USAT_Powell_On Retirement_Time to retire probability of ruin_2016-02-13
Planning on getting remarried? You’re not alone.
Consider: In 2013, four in 10 new marriages included at least one partner who had been married before, and two in 10 new marriages were between people who had both previously stepped down the aisle, according to a Pew Research Center study released in 2014. Read Four-in-Ten Couples are Saying “I Do,” Again.
Unfortunately, most people who get remarried have no clue about the legal and estate-planning issues that come with a new marriage, according to a new article by Jeff Scroggin, an attorney with Scroggin & Company in Roswell, Ga. Read Estate Planning Implications of Remarriage. They do little planning, and ultimately that just increases the conflict and chaos that often occurs down the road ... when death us do part, according to Scroggin.
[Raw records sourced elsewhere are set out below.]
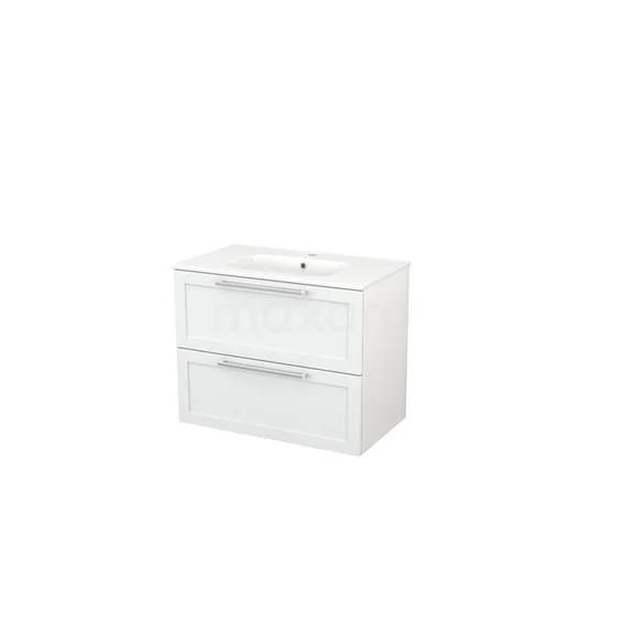 Modulo+ Waschtische | 80 cm Hochglanz Weiß Rahmen front Keramik 2 übereinanderliegende Schubladen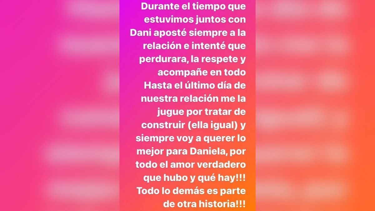 “Hasta el último día de nuestra relación me la jugué por tratar de construir (ella igual) y siempre voy a querer lo mejor para Daniela, ¡por todo el amor verdadero que hubo y hay!”, siguió el exfutbolista, en un posteo que publicó a través de sus stories de Instagram.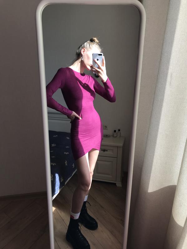 Яркое платье мини, цвет фуксия, на фото видно как выглядит при разном освещении. Идеально садится по фигуре, ткань очень мягкая приятная к телу, под замш. Есть потайная змейка сбоку, видно на фото в карусели. Размер S, ткань тянется. Замеры: Длина по спине - 85 см Длина впереди по самой короткой точке - 72 см Плечи - 35 см Полуобхват груди - 37 см Полуобхват бедра 38 см Рукав - 58 см Цена - 350 грн Тренч и ботинки тоже в продаже;)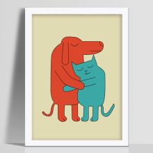 动物相亲相爱个性时尚实木有框装饰画挂画客厅卧室走廊儿童房壁画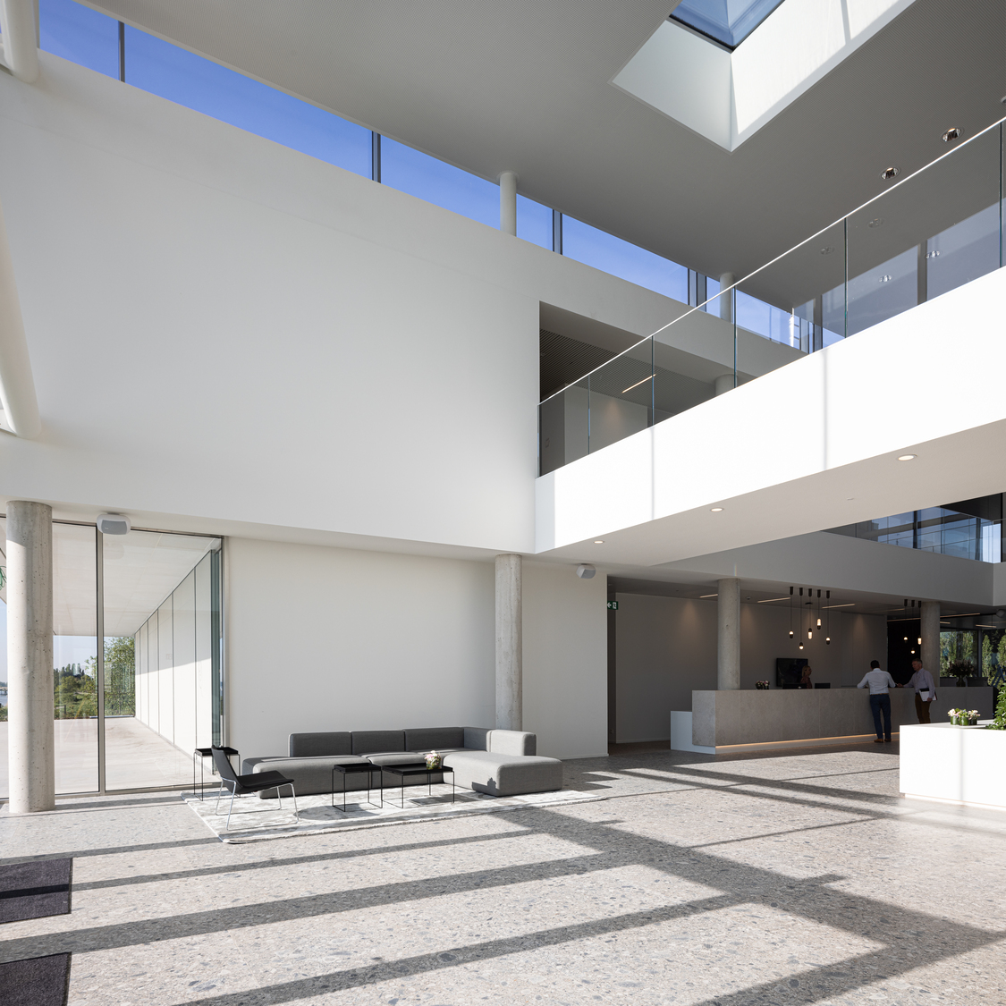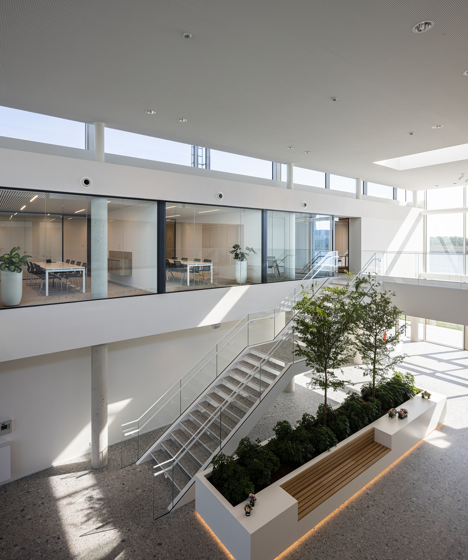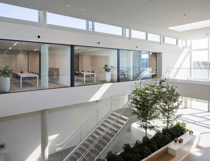 Op de gelijkvloerse verdieping bevinden zich links van het atrium vergaderzalen, een refter en een grote polyvalente zaal die met mobiele wanden kan worden opgedeeld. De rechterhelft bevat landschaps- en afgesloten kantoren. In het atrium – dat ook als centrale ontmoetingsplaats dient – is er een balie voor onthaal en administratie en een centrale trap naar de bovenverdieping. Hier bevinden zich nog meer kantoren, kleinere vergaderzalen met zicht op het atrium en de boardroom voor de directie. De kantoren zijn voorzien van verhoogde vloeren, die het bij een eventuele latere herindeling makkelijk maken om de technieken mee aan te passen. Twee loopbruggen dwars door het atrium verbinden de beide helften van de eerste verdieping met elkaar.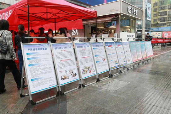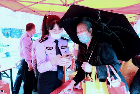 商场显示屏上循环播放着防范养老诈骗及打击非法集资的公益宣传片,以生动形象的画面向来往的人群介绍着养老诈骗的惯用套路和非法集资的常用手段,成为了活动现场一道独特的风景;社区干部组织老年朋友们一同观看防范养老诈骗的动画视频,介绍关于养老诈骗的典型案例事例,传授识破骗局的方法办法。在各乡镇街道宣传日活动现场,音响里的提示声和工作人员的讲解声交织在一起,构成了一首宣传曲。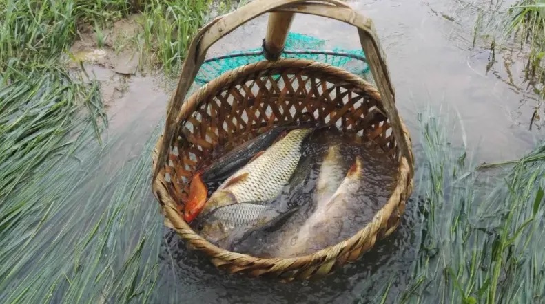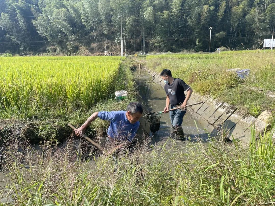 在止馬鎮(zhèn)仁厚村稻漁綜合種養(yǎng)數(shù)字農(nóng)業(yè)科技示范基地,村民們趁著晴好天氣,忙著捕撈稻魚。(圖源:光澤關(guān)注)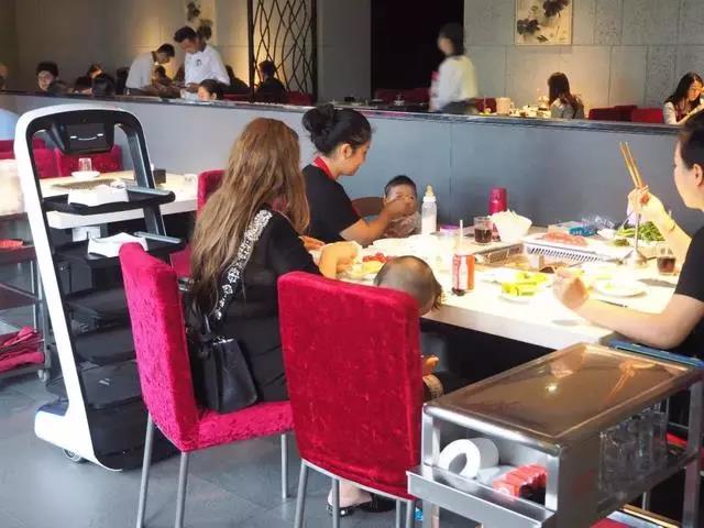 在海底撈的智慧火鍋餐廳里也能看到機器人自動入菜、上菜的身影。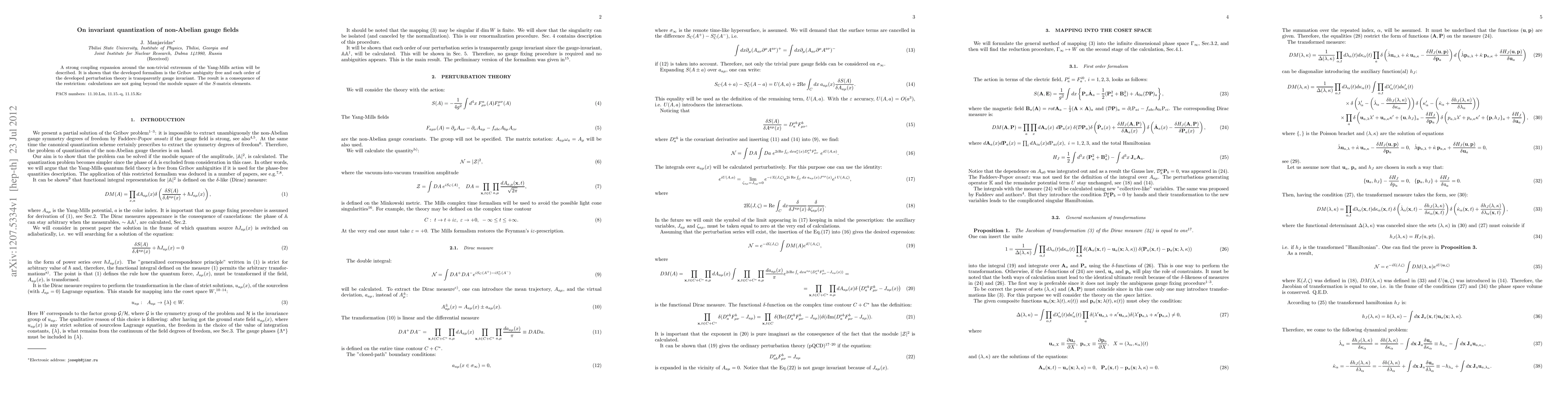 A strong coupling expansion around the non-trivial extremum of the Yang-Mills action will be described. It is shown that the developed formalism is the Gribov ambiguity free and each order of the developed perturbation theory is transparently gauge invariant. The result is a consequence of the restriction: calculations are not going beyond the module square of the $S$-matrix elements.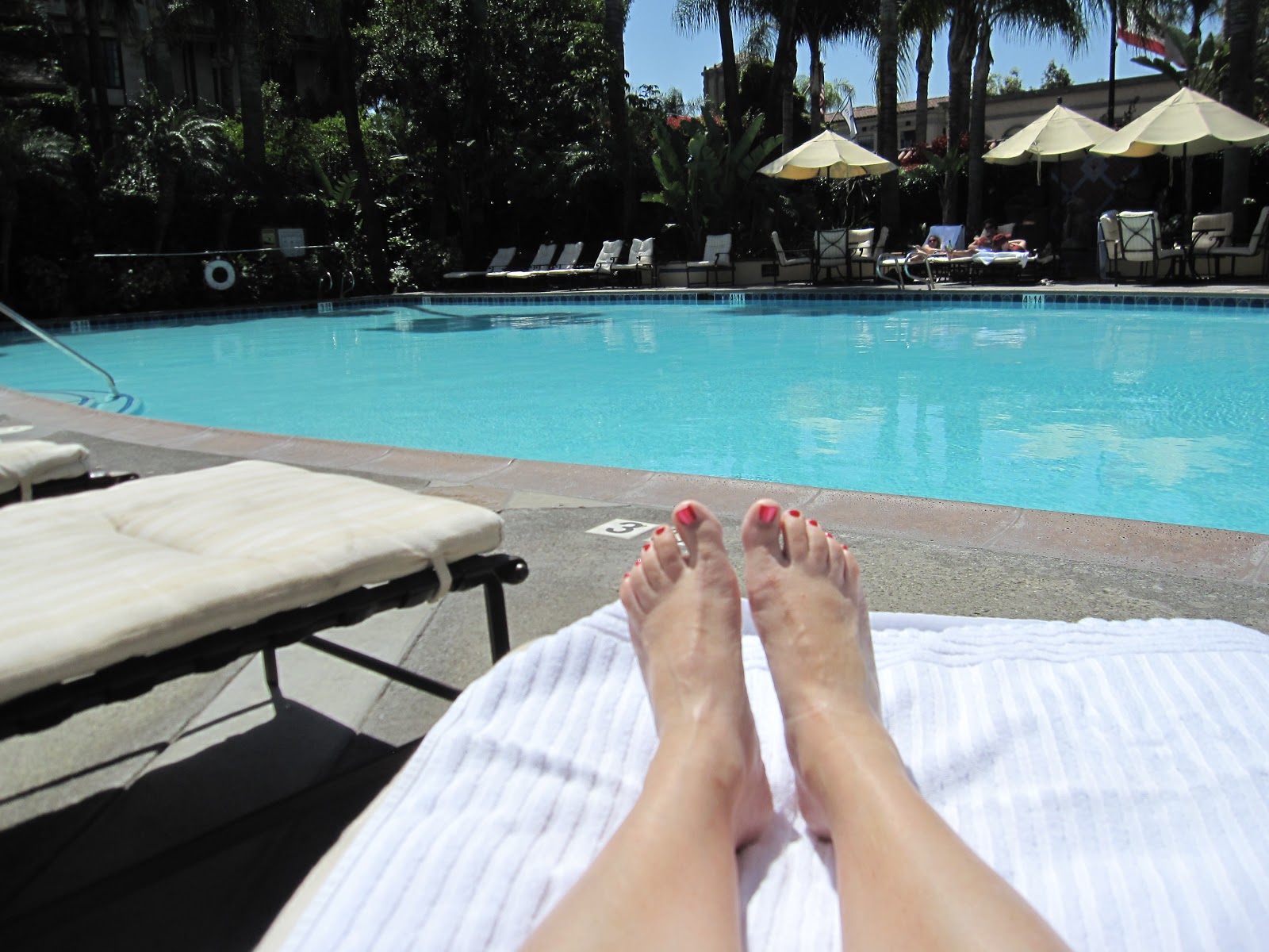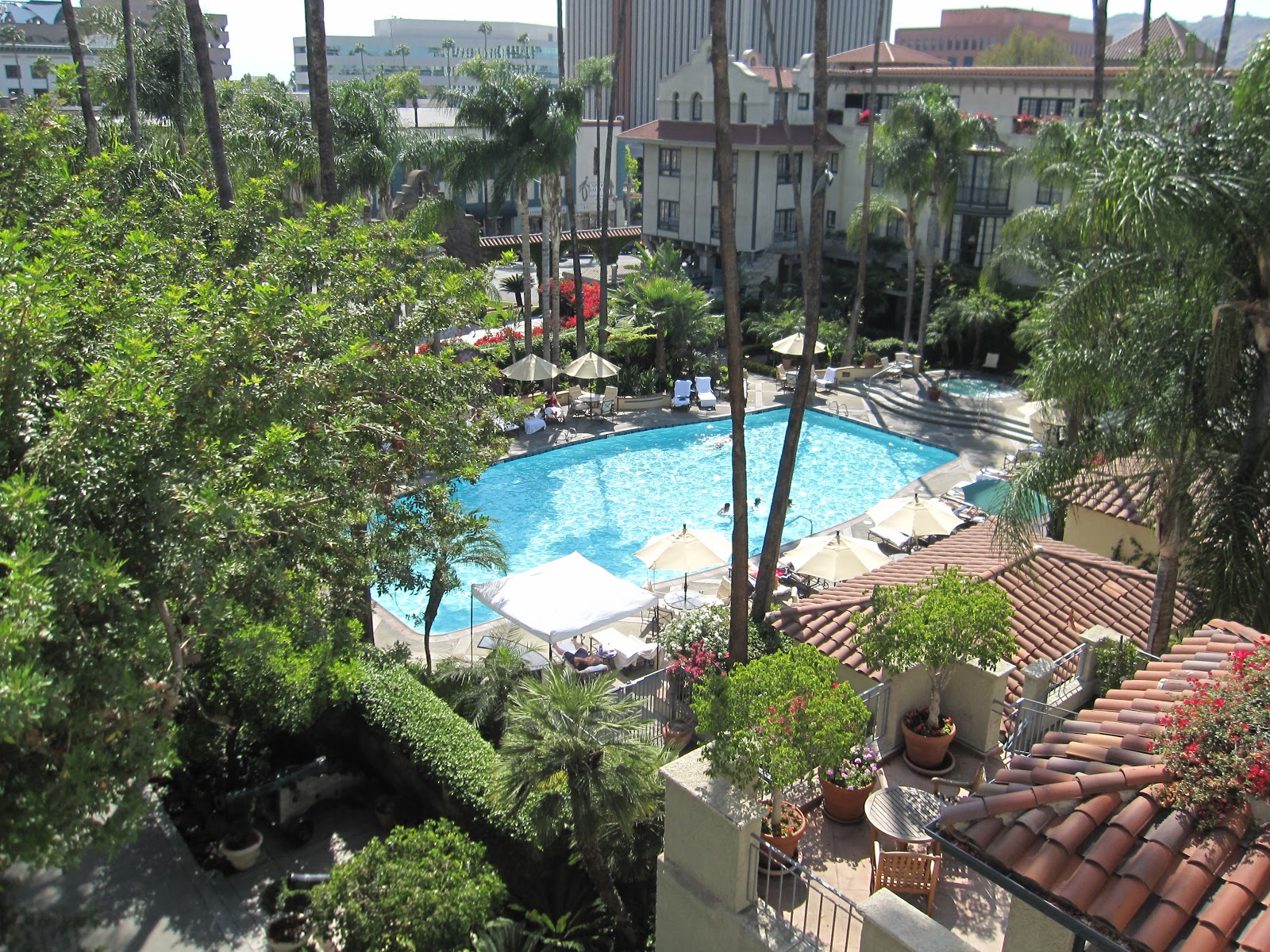| The Mission Inn pool, with downtown Riverside in the background. The weather was sunny and warm, perfect for a margarita by the pool (so I hear) |

“Most people do not understand that marriage automatically gives significant rights to the new spouse and have never heard of spousal elective shares or homestead rights or contemplated the impact of their remarriage when they pass away,” says Scroggin.
For example, Scroggin says some of the rights that a spouse automatically gains upon marriage may include (depending on the state): , though state laws, vary, including:
- A right to be the guardian for the other spouse
- The right to be the personal representative of a deceased spouse
- A right to an “elective share” percentage of the other spouse’s estate — generally ranging from 30% to 50% of the estate
- A right to a homestead dollar amount or the ownership or use of the house
- A right to personal property of the deceased spouse, including heirloom assets
- An automatic right to be a beneficiary of the deceased spouse’s ERISA accounts
- A right to be supported under state filial support laws
Others also know why people getting remarried do little planning. “The reality is consumers just don’t like dealing with personal legal planning, whether it is a prenuptial agreement, estate plan or anything else,” said Martin Shenkman, an attorney in Paramus, N.J., and co-author of The Tools & Techniques of Estate Planning. “I think the displeasure of the process, and secondly the cost, is what detracts most people from doing what they should.”
So, if you plan on getting remarried, or already have, here’s what you should do.
Consult an expert. “Rules vary widely from state to state, and People considering a remarriage should meet with competent counsel to understand what their rights are and how to limit those rights and powers,” says Scroggin.
Get a prenuptial. Folks getting remarried should get a prenuptial. “Yes, it can be advisable, particularly if they have a home or business they want to pass to their descendants from a prior relationship, or the intent is that each spouse will retain the right to pass on their personal investments and property to their respective descendants,” says Scroggin. “Merely having an understanding or oral agreement is not a legally binding obligation — properly signed waivers are critical — and the waivers need to strictly comply with the requirements of state and federal law.”
A prenuptial is worth getting even if you’re not rich. “Some might feel that their assets are not worth bothering, but they may be,” says Shenkman. “The savings in angst, legal fees and so forth ... if there is a reasonable and valid prenuptial can be a huge benefit at almost any wealth level.”
Once married, If a new spouse dies absent a prenuptial agreement, the surviving spouse will get to inherit what state law permits, called a spousal right of election. “So the mere fact that the deceased spouse leaves assets to children from a prior marriage won’t suffice without a waiver of the spousal right of election, which is often done in conjunction with a prenuptial agreement,” says Shenkman.
Get your fair share. There are at least two ways that a surviving spouse can get an intestate share of a deceased spouse’s estate, according to Scroggin.
- If a married person dies without a will, then the surviving spouse is entitled to a share of the estate, generally limited to the intestate estate. If the decedent leaves no descendants, then the surviving spouse will normally receive 100% of the intestate estate. In some states, the surviving spouse receives at least a minimum dollar amount or minimum percentage of the intestate estate even if there are surviving descendants or surviving parents.
- And two, in most states, if the decedent’s will existed before a marriage and was not made in contemplation of the marriage, the new spouse is entitled to an intestate share of the estate.
Robert Powell is editor of Retirement Weekly, contributes regularly to USA TODAY, The Wall Street Journal and MarketWatch. Got questions about money? Email Bob at firstname.lastname@example.org.
Those darn kids. It’s not uncommon that a parent’s marriage to a man or woman 20 years their junior has created “heartburn for many children who have been anticipating a larger and quicker inheritance,” says Scoggin. “The children may attempt to aggressively insert themselves into their parents' marriage and estate planning process, creating new ethical and legal complexities for the parents’ advisers.”
According to Scroggin, the heirs are often more interested in the effect of the remarriage because “they are the ones who will be most negatively impacted — it can be an awkward process when the kids start raising issues about their loss of a parent’s assets.”